YOUR INSTRUCTIONS »
For the listing below, give the number of lines in which "their" occurs. Add nothing.

ENTRIES SHOWN »
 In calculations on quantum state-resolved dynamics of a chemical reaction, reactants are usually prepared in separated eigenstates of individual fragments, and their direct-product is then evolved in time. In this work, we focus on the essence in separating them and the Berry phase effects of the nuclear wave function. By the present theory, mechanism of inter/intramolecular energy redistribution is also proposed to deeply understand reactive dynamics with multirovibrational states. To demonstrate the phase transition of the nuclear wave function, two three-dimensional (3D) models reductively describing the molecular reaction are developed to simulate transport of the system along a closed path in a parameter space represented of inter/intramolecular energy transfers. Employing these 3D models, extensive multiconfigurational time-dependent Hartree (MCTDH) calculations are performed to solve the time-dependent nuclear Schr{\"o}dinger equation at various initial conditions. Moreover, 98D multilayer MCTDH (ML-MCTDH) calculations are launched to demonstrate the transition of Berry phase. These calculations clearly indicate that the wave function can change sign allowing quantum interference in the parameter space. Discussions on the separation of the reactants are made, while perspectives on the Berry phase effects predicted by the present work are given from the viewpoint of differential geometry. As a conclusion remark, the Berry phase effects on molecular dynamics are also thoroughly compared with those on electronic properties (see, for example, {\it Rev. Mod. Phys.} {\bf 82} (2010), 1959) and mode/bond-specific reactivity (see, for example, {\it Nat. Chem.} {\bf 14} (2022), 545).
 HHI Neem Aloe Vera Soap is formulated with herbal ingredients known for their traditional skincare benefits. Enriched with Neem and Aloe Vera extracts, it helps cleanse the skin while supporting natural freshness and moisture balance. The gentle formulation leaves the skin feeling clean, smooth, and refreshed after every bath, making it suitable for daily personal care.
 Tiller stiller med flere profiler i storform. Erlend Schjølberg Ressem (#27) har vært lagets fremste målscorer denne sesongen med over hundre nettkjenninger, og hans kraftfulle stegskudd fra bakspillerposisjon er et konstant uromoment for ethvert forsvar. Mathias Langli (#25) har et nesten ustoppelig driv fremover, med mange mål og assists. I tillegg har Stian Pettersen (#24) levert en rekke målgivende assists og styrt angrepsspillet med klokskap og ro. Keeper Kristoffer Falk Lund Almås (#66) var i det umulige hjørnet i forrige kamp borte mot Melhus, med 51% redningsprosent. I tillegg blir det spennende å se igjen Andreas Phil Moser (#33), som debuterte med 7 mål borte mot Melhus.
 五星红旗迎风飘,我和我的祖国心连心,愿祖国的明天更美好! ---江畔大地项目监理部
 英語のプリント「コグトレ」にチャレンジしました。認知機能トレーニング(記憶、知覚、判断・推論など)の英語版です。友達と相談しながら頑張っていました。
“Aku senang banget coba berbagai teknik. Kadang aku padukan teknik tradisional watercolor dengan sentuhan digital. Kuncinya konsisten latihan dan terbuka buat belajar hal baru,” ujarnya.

---

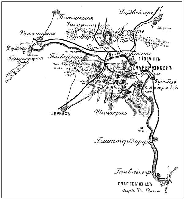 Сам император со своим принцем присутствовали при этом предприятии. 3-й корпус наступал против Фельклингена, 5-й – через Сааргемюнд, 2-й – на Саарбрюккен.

* * *

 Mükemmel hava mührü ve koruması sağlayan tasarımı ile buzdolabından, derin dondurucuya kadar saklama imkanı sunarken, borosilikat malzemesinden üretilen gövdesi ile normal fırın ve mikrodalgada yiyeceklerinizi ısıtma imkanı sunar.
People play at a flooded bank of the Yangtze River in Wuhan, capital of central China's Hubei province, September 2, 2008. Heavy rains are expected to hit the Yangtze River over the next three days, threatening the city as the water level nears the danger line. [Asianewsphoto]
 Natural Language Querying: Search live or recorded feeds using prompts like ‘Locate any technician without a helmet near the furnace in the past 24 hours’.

RESPONSE »
2